En su lugar, optan por una orgullosa exhibición de lo “bajo”, lo plebeyo (que, por supuesto, varía en función de cada país). En consecuencia, una estrategia populista implica no solo una capa descriptiva (es decir, la articulación de demandas no satisfechas en una nueva identidad y la identificación de un enemigo común), sino también una performativa: el “pueblo” debe verse representado en las maneras, formas de hablar y actuar del supuesto líder, no solo en el contenido literal de su discurso. Esto lo vemos en los líderes actuales como Donald Trump, Jair Bolsonaro, Javier Milei, Andrés Manuel López Obrador o el ya difunto Hugo Chávez, famosos por su forma grosera y directa de hablar, sin suavizar ni contener declaraciones controvertidas.
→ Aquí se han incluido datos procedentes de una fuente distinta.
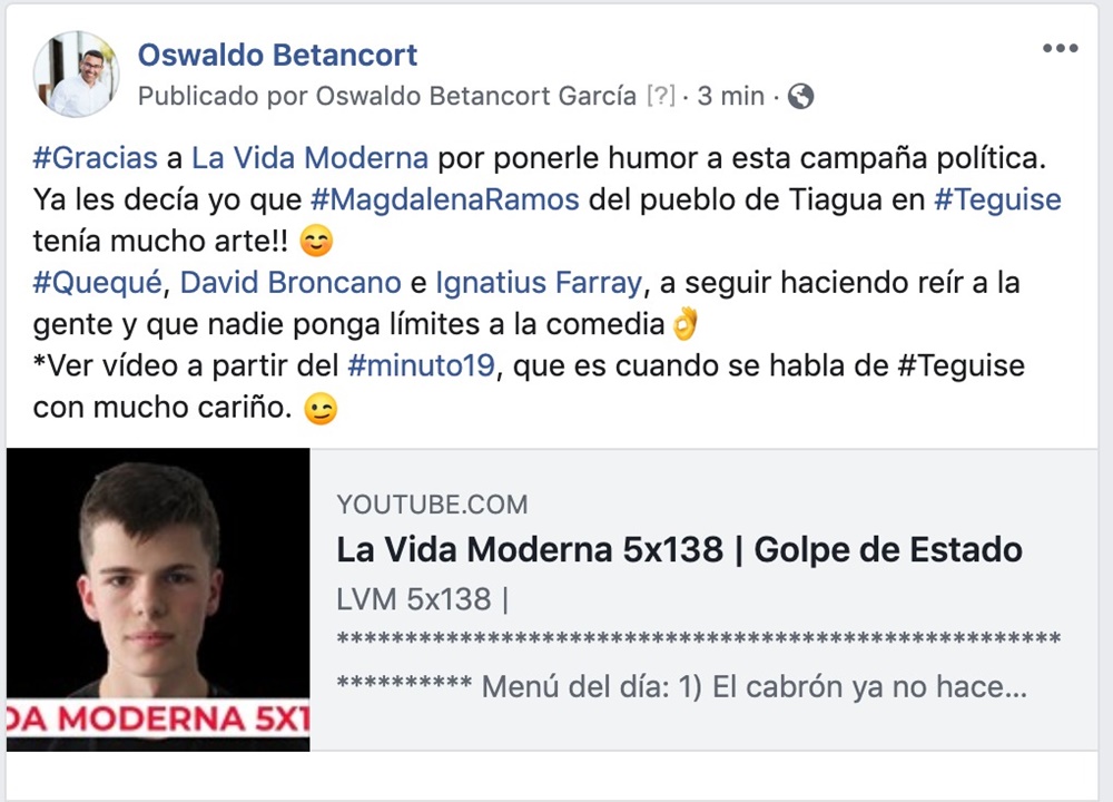 En el programa de humor que se emite por radio y también por su canal de Youtube, presentado y dirigido por David Broncano, que cuenta con más de 300.000 suscriptores, se habló de la canción que le dedica la artista y vecina de Tiagua, Magdalena Ramos a Oswaldo Betancort, como recursos de campaña curiosa dentro de esta carrera electoral del 26 de mayo.

Esta identificación con un líder o con un proyecto político recuerda las reflexiones freudianas sobre el superyó. El sujeto con el que nos identificamos políticamente tiene una doble naturaleza: debe ser inalcanzable e imitable al mismo tiempo. Inalcanzable porque siempre está más allá de nuestro alcance: precisamente por eso puede funcionar como un ideal moral. Sin embargo, también necesita estar lo suficientemente cerca de nosotros para ser imitable y, así, satisfacer nuestra necesidad de sentirnos bien con nosotros mismos, con nuestra imagen, a través de la identificación con ese líder (lo que Freud llamaba “satisfacción narcisista”). ¿Qué ocurre cuando esto no es así, cuando un modelo se vuelve inalcanzable? Que comienza a volverse un mero elemento represivo: genera sentimientos de inferioridad y frustración. En comparación con él soy deficiente, malo, tonto, vago, irresponsable… (dependiendo de los valores que encarne ese ideal). De modo que, a largo plazo, el deseo de imitar este modelo se desvanece ya que no aporta beneficio psicológico, y la situación de superioridad de los que están “arriba” no se reconoce como justa. Entonces, surge un espacio político para nuevos líderes.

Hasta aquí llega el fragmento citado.